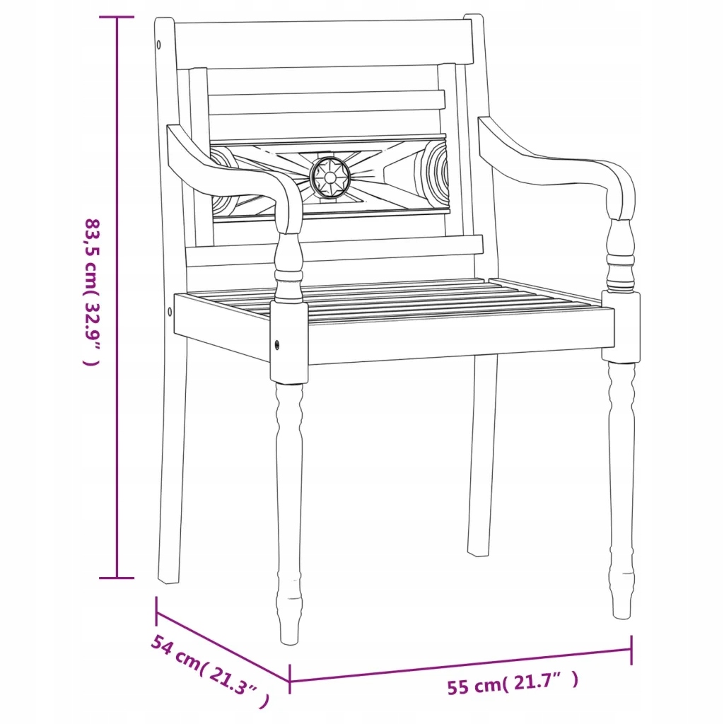 Насолоджуйтеся приємною їжею або післяобіднім чаєм на відкритому повітрі з цим набором садових дерев’яних меблів Batavia! Завдяки витонченим округлим підлокітникам і декоративному різьбленню, цей набір садових меблів стане центром вашого саду чи тераси!
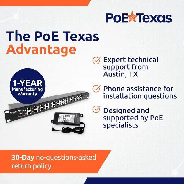 Every unit includes a 1-year manufacturers coverage with direct access to PoE specialists for installation advice and troubleshooting assistance.
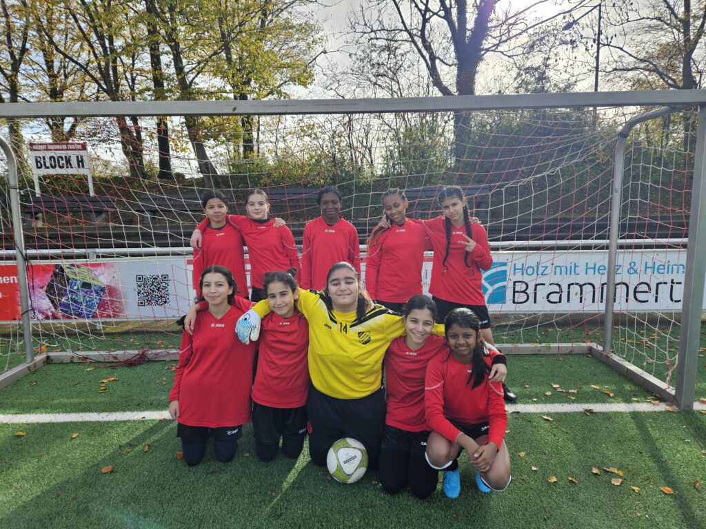 Am 29.10. machten sich 9 Schülerinnen der 6. Klasse und 1 Schülerin aus der 5. Klasse auf den Weg zu den Fußball-Stadtmeisterschaften am Inda-Gymnasium. Sowohl das erste Spiel gegen das St. Leonard als auch das zweite gegen das Inda waren recht ausgeglichen. Chancen gab es auf beiden Seiten, doch leider hat immer nur der Gegner die Tore gemacht. Das erste Spiel ging mit 0:4 deutlich zu hoch verloren. Oft waren es leichtsinnige Ballverluste, die zu den Gegentoren führten. Das zweite Spiel war knapper und die beiden Gegentore fielen erst Mitte der 2. Halbzeit. Leider hatten wir keine Auswechselspieler und man merkte den Mädels an, dass die Kräfte schwanden.  Unser Team spielt noch nicht lange zusammen und viele haben erst mit dem Fußballspielen angefangen – da ist also noch Luft nach oben! Kampfgeist und Motivation waren top!
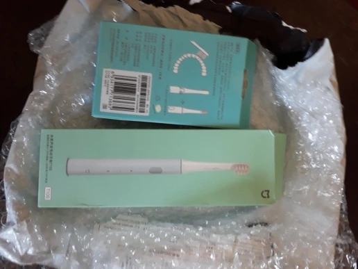 Коробки с щеткой и насадками пришли осень мятые, но т. к. брала для себя это не важно, всё что внутри коробок целое. Если будете брать на подарок имейте ввиду. В комплект с щеткой идём т провод для зарядки (без вилки, это есть в описании товара) и одна насадка. Доставка в МО около трёх недель. Для понимания размера фото рядом с обычной щеткой.
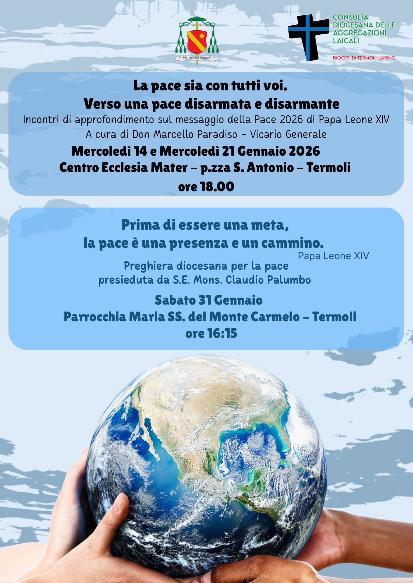 Anche quest’anno la Consulta diocesana per le aggregazioni laicali della diocesi di Termoli-Larino desidera dedicare il mese di gennaio ad un’ampia riflessione sul tema della Pace avendo come filo conduttore il messaggio di Papa Leone XIV per la Giornata Mondiale della Pace 2026: La pace sia con tutti voi. Verso una pace disarmata e disarmante.
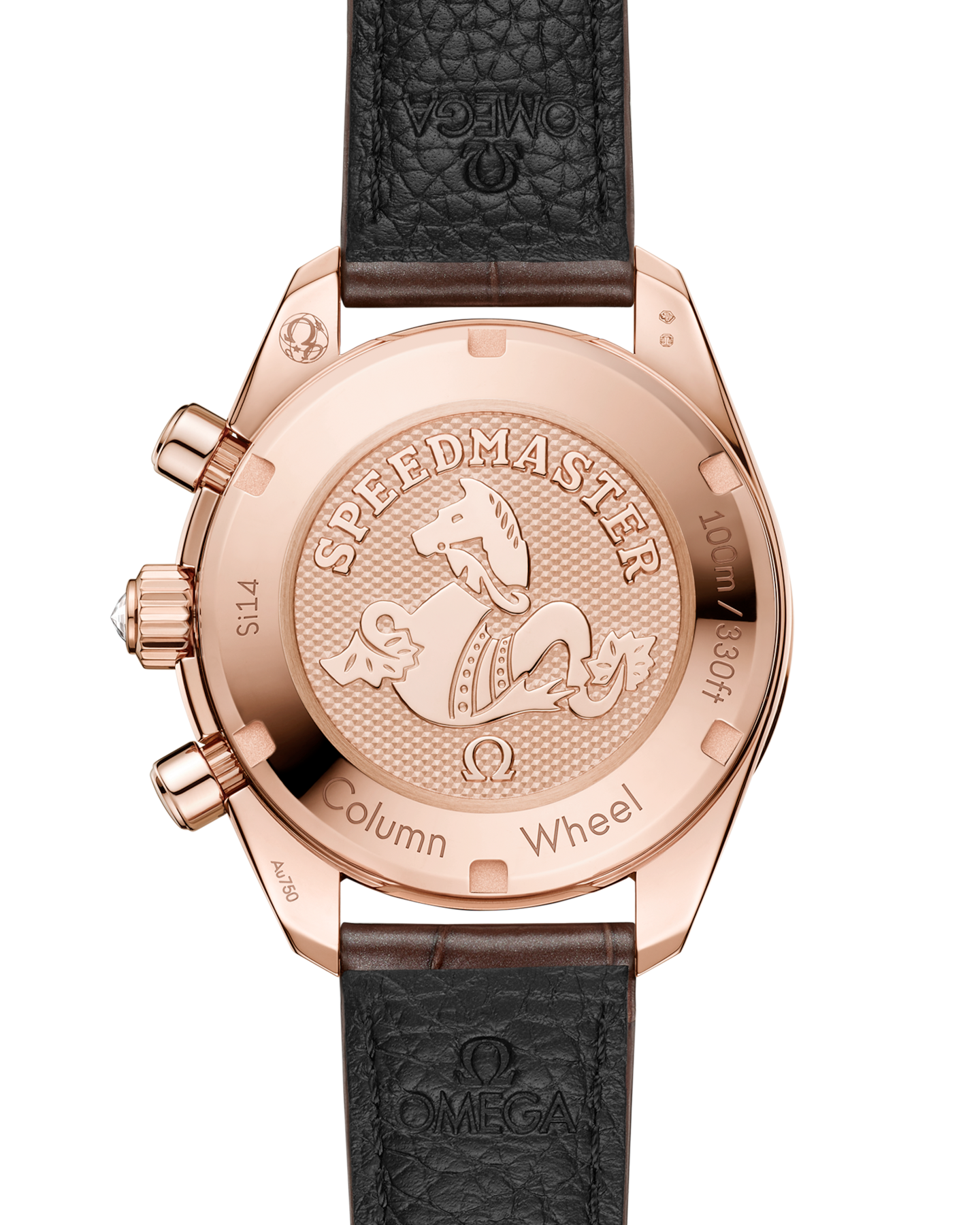The watch has a brown leather strap with 18K Sedna™ Gold foldover clasp buckle. Its screw-in caseback is stamped with a Seahorse medallion. Providing the power is the Omega Co-Axial Calibre 3330.
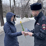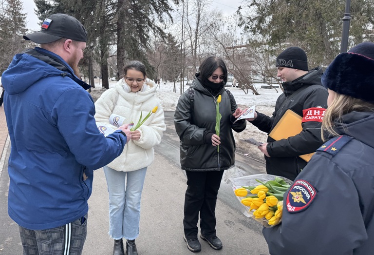 В преддверии Международного женского дня сотрудники полиции Управления МВД России по городу Саратову поздравили представительниц прекрасного пола с наступающим праздником и вручили им цветы. Старший участковый уполномоченный полиции старший лейтенант полиции Юсеф Ахмеров совместно с дружинниками пожелали женщинам здоровья и семейного благополучия. Данное мероприятие прошло на центральных улицах города в рамках Всероссийской акции МВД России «8 Марта – в каждый дом».
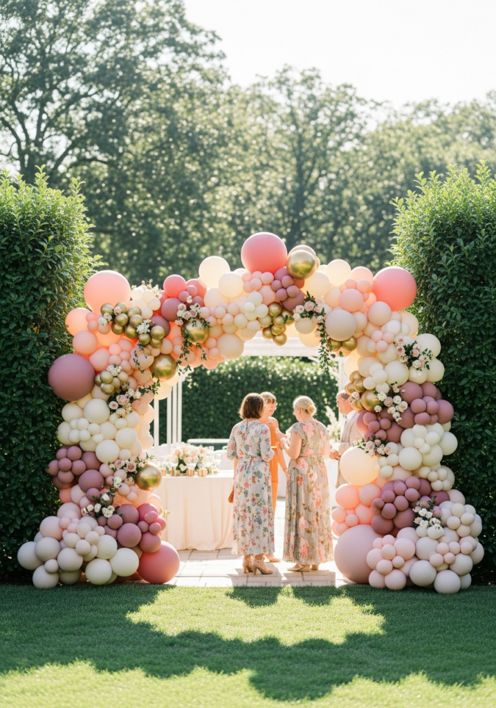 Use a balloon arch at the entrance or behind the main table to create a festive outdoor focal point. This instantly sets a celebratory tone and makes for great photos.
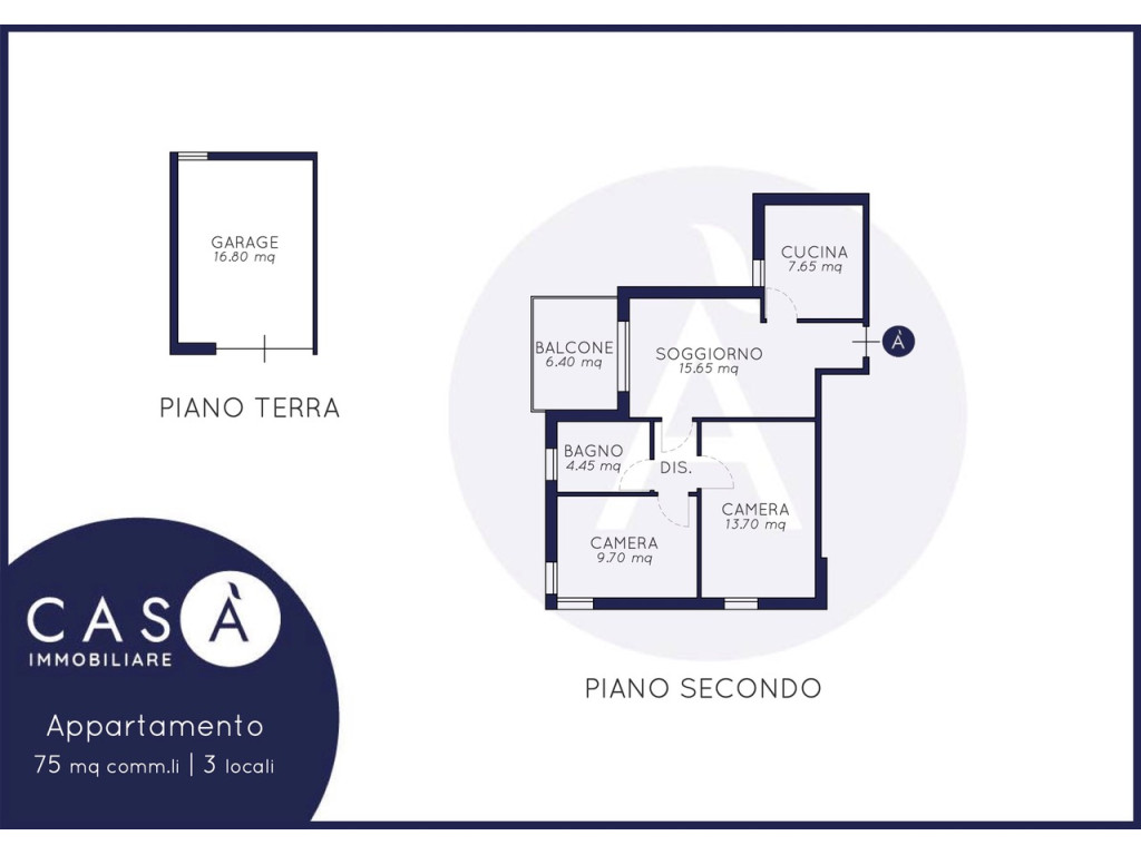 Piano Secondo: Soggiorno - Cucinotto - Camera da letto matrimoniale - Camera da letto singola - Bagno - 2 Balconi
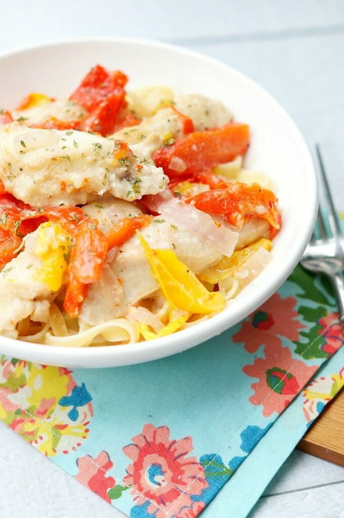 Scampi sauce is traditionally a garlicy white wine sauce, but to add even more flavor, I throw colored peppers and red onion into the mix. You can also eat more pasta when there’s veggies involved, too 🙂 I am always down for adding more pasta to my plate!
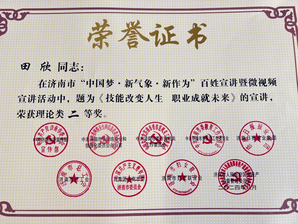 为深入贯彻落实习近平新时代中国特色社会主义思想,展现广大干部群众在新时代新征程上的崭新风貌和积极作为,济南市组织开展“中国梦·新气象·新作为”百姓宣讲比赛,学校智能制造系教师田欣获理论类宣讲二等奖。
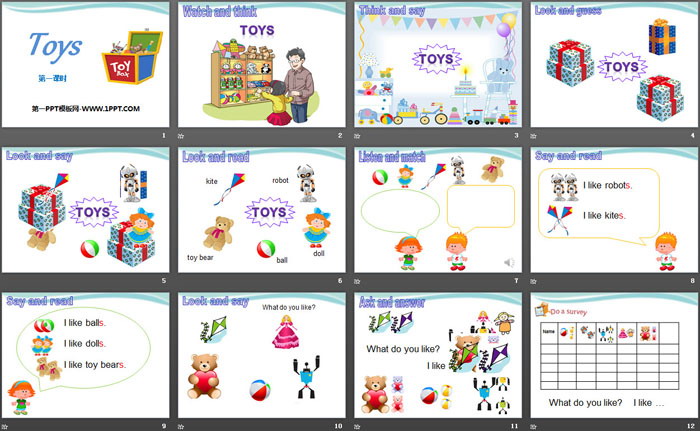 关键词:上海教育版三年级下册英语PPT课件免费下载,《Toys》PPT下载,.PPT格式;
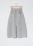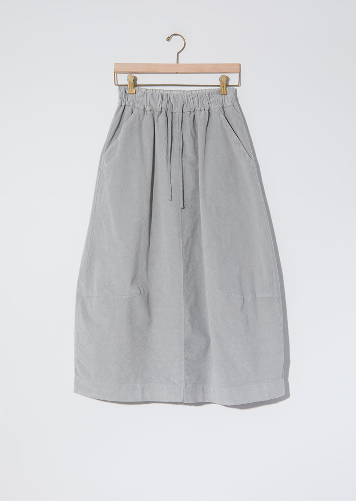 Album di Famiglia Corduroy Skirt in Oatmeal. Light grey elasticized waist balloon-shape skirt in a soft, baby corduroy. Features this season's back patch pockets and an open vent detail.
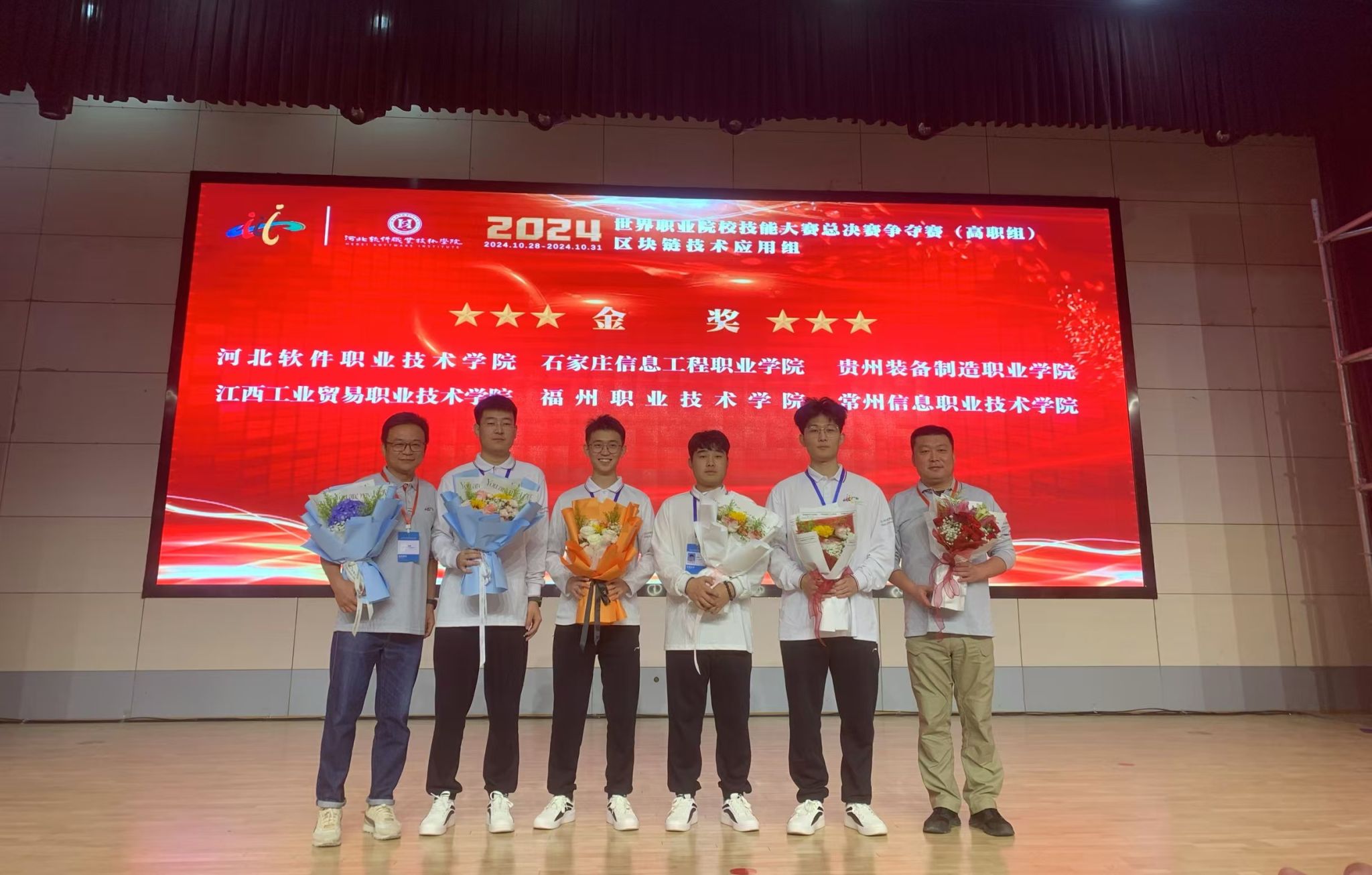 ▲软件工程系学生张世军、丁新旭、迟新程、和旺阳荣获区块链技术应用组金奖

_____

• _WHAT IS REQUIRED_:
Begin with the first line of the entries above and write out each line exactly, ending with the line containing "Am 29.10. machten". Leave out pictures.

• _WRITTEN SOLUTION_:
 Насолоджуйтеся приємною їжею або післяобіднім чаєм на відкритому повітрі з цим набором садових дерев’яних меблів Batavia! Завдяки витонченим округлим підлокітникам і декоративному різьбленню, цей набір садових меблів стане центром вашого саду чи тераси!
 Every unit includes a 1-year manufacturers coverage with direct access to PoE specialists for installation advice and troubleshooting assistance.
 Am 29.10. machten sich 9 Schülerinnen der 6. Klasse und 1 Schülerin aus der 5. Klasse auf den Weg zu den Fußball-Stadtmeisterschaften am Inda-Gymnasium. Sowohl das erste Spiel gegen das St. Leonard als auch das zweite gegen das Inda waren recht ausgeglichen. Chancen gab es auf beiden Seiten, doch leider hat immer nur der Gegner die Tore gemacht. Das erste Spiel ging mit 0:4 deutlich zu hoch verloren. Oft waren es leichtsinnige Ballverluste, die zu den Gegentoren führten. Das zweite Spiel war knapper und die beiden Gegentore fielen erst Mitte der 2. Halbzeit. Leider hatten wir keine Auswechselspieler und man merkte den Mädels an, dass die Kräfte schwanden.  Unser Team spielt noch nicht lange zusammen und viele haben erst mit dem Fußballspielen angefangen – da ist also noch Luft nach oben! Kampfgeist und Motivation waren top!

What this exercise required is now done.